The island originally was part of the estate of Jacques LaSalle, a French fur trader. Two Indian villages were the future Monroe when he settled here.

The island's low undergrowth later concealed refugees who fled across the ice from the LaSalle farm the night of the battle of the River Raisin.

Antoine LaSalle had possession in 1807. At his death, Robert Clark received the island portion of his property in settlement for a debt. It was sold at auction in 1844 and was purchased by Wedworth Wadsworth.

The stately rows of elms which once encircled the isle were planted by Mr. Wadsworth who made it into one of the prettiest sites in the county.
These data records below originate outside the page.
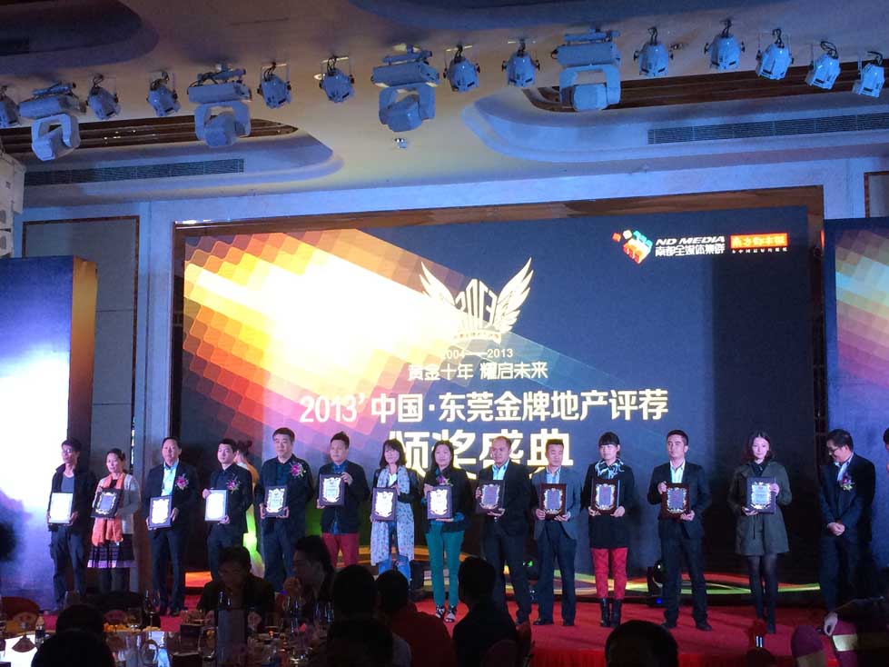 2013東莞金牌地產(chǎn)評薦頒獎典禮于11月27日晚舉行,百茂優(yōu)秀管理團(tuán)隊參加了當(dāng)晚的頒獎典禮。
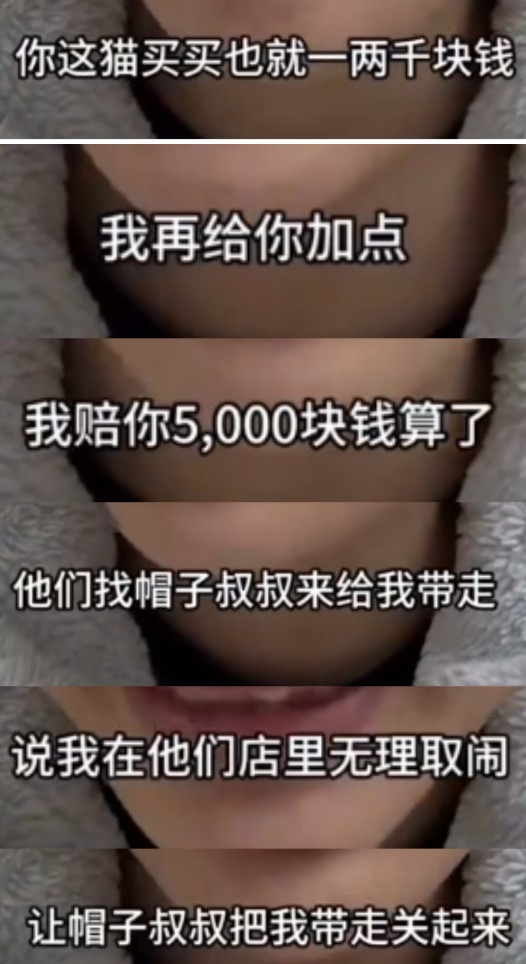 老板自知理亏,便告诉张紫丹,买一只美短的价格也就一两千块,便打算再加点儿,凑5000块赔给张紫丹,可六年的感情,哪里是5000块可以买断的,张紫丹当即拒绝,和老板闹了起来。
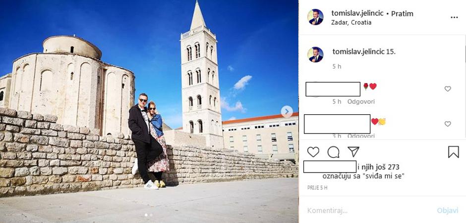 Voditelj informativne emisije ''RTL Danas'' Tomislav Jelinčić ima poseban razlog za slavlje. Sa suprugom Ivanom slavi 15 godina braka, a sretnu vijest pratiteljima je otkrio putem Instagrama. "15", napisao je tek kratko Jelinčić u opisu fotografije na kojoj pozira sa suprugom ispred crkve sv. Donata u Zadru.
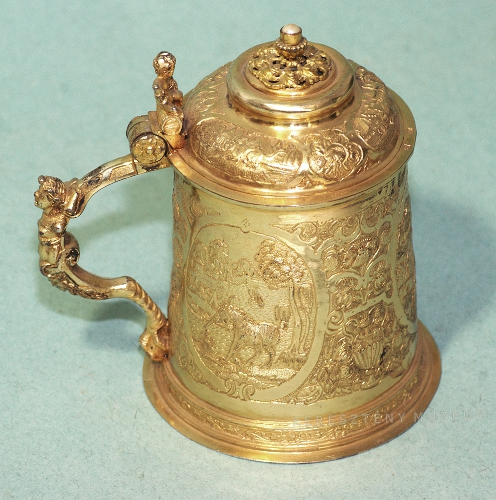 Sellő-alakot formázó fogó felett, foglalatba illesztett igazgyönggyel díszített, csuklós fedél zárja, a talpa felé szélesedő kupát. Oldalán medaillonokban, városkép részletek. A képek között stilizált, vázából kihajtó, bimbózó virágos növény.

The weeping willows on the east and a border of thorn bushes filled with wild grape vines are living testimony to his horticultural design.
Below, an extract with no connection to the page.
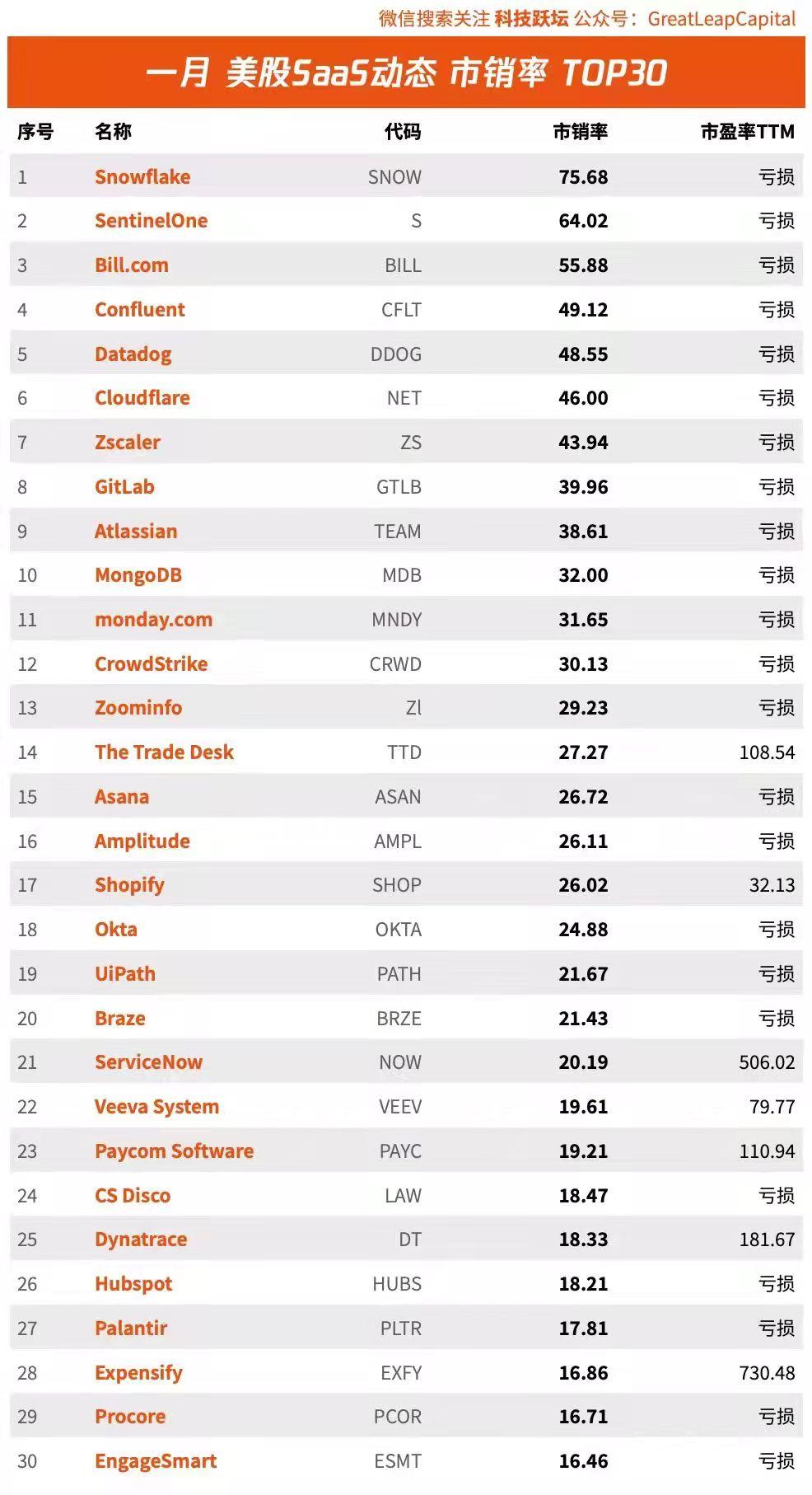 图二:2022年1月美股PS前30名,来源:科技跃坛

According to an early newspaper account, Edward Pinkus, a piccolo player in Monroe to teach music at the Young Ladies Seminary, turned it into a resort for townspeople.

This dapper little man, always dressed in the latest fashion, operated a popular confectionery ship in town. He fell in love and when refused by the lady, took his piccolo, cakes and ornaments and moved to the picturesque cottage he had built on the island. He called it Belle Isle as a tribute to his lost love.

Mr. Pinkus made the purchase in 1852 and built the first foot bridge between the isle and the mainland.

Ice cream, lemonade and other confections were sold in his shop and a corps of musicians nightly played tunes popular in the 1850s. Its location made a pleasant walk for the young people of ante bellum days dressed in flowery silk gowns with hoop skirts and pretty Shaker bonnets. After acquiring a fortune, he retired to Philadelphia.

William Kirchmaier operated the shop for a time. With beautifully tended gardens, it served as a center for informal gatherings and frequent dances. Music with German charm was played.

Charles Diehl was the owner in 1858 and in 1869, it was deeded to Magdalena Diehl. This is the first entry where an abstract to the title of the land now held by the sisters refers to the land as the Isle of Patmos, the name of a Greek island where St. John the evangelist died.

Previous references are made to "the island in the River Raisin immediately above the mill dam of the Monroe City Mill."

The atmosphere of the island took on a more serious tone when it became the home of a Zion Lutheran minister and his family.

A new bridge replaced the old swing bridge and the island was renovated after it was purchased by the sisters. Here in pleasant weather, they took their daily walks until the bridge, weakened by the pounding of winter ice packs, became unsafe.

The old building was demolished in about 1914 and some thought was given to making it a recreation area for the new school built for boys and later known as the Hall of the Divine Child. The plan was abandoned and the island has remained unused about 70 years.